§ Task brief
Each line from the one containing "Sofisticado y femenino, este" to the end of the records below should be restated word for word; please leave out all other lines.

§ Input data
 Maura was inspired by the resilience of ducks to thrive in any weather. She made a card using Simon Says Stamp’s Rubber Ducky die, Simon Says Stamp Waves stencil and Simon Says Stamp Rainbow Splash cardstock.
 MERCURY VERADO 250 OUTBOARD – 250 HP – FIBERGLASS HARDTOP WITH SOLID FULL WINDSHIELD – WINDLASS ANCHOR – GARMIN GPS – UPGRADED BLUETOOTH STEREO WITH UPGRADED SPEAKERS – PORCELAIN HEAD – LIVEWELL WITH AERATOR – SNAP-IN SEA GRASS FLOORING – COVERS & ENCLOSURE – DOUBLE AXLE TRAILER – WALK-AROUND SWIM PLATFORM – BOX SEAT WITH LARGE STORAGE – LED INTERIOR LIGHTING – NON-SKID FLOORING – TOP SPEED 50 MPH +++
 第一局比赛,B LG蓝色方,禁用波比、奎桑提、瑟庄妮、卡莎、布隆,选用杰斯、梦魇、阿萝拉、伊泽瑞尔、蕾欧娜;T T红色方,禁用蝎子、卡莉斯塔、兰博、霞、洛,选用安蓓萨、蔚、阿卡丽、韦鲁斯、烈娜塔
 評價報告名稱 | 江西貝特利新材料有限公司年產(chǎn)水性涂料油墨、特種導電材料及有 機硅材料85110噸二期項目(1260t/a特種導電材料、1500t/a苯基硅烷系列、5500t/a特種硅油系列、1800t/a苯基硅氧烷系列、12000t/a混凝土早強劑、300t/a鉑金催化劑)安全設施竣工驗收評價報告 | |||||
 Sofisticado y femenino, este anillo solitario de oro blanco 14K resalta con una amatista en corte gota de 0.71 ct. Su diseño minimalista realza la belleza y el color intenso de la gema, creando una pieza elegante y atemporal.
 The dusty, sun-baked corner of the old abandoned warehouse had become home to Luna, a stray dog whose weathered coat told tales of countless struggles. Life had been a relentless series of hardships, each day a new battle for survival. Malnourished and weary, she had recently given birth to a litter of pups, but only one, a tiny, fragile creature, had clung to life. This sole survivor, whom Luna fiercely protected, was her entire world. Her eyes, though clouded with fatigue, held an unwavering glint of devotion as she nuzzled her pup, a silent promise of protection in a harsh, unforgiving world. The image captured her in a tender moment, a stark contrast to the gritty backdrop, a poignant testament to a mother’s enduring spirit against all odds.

§ Exercise solution
 Sofisticado y femenino, este anillo solitario de oro blanco 14K resalta con una amatista en corte gota de 0.71 ct. Su diseño minimalista realza la belleza y el color intenso de la gema, creando una pieza elegante y atemporal.
 The dusty, sun-baked corner of the old abandoned warehouse had become home to Luna, a stray dog whose weathered coat told tales of countless struggles. Life had been a relentless series of hardships, each day a new battle for survival. Malnourished and weary, she had recently given birth to a litter of pups, but only one, a tiny, fragile creature, had clung to life. This sole survivor, whom Luna fiercely protected, was her entire world. Her eyes, though clouded with fatigue, held an unwavering glint of devotion as she nuzzled her pup, a silent promise of protection in a harsh, unforgiving world. The image captured her in a tender moment, a stark contrast to the gritty backdrop, a poignant testament to a mother’s enduring spirit against all odds.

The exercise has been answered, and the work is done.